Return, exactly as written, the lines of the material from its top through the line with "Консультативный врач обсуждает", keeping pictures out.

# GIVEN INFORMATION
- - - - -

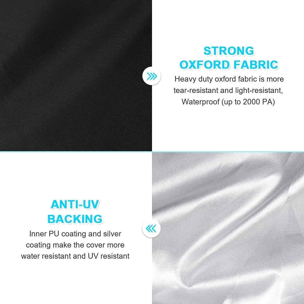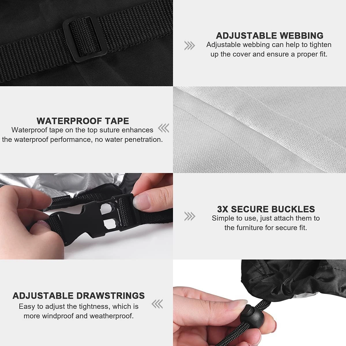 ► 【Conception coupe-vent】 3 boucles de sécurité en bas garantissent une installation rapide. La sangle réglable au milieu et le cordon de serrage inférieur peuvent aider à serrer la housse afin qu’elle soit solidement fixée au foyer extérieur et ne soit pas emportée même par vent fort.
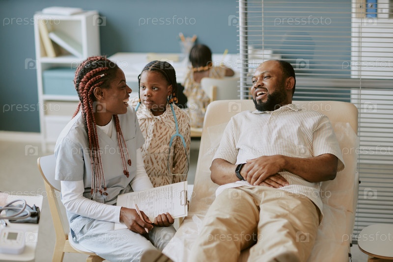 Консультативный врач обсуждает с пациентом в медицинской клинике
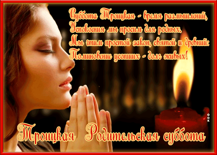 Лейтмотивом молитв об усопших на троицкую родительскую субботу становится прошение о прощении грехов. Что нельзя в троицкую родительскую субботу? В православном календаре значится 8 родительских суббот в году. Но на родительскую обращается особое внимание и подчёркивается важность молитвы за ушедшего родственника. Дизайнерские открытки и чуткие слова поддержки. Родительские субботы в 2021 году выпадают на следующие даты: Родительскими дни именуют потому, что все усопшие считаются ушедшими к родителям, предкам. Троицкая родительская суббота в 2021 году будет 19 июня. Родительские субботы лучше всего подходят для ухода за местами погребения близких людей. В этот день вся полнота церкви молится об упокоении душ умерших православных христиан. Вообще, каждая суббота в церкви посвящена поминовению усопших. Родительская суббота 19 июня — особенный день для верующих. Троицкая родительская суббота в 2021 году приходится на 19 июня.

- - - - -

# OUTPUT OF THE EXERCISE
 ► 【Conception coupe-vent】 3 boucles de sécurité en bas garantissent une installation rapide. La sangle réglable au milieu et le cordon de serrage inférieur peuvent aider à serrer la housse afin qu’elle soit solidement fixée au foyer extérieur et ne soit pas emportée même par vent fort.
 Консультативный врач обсуждает с пациентом в медицинской клинике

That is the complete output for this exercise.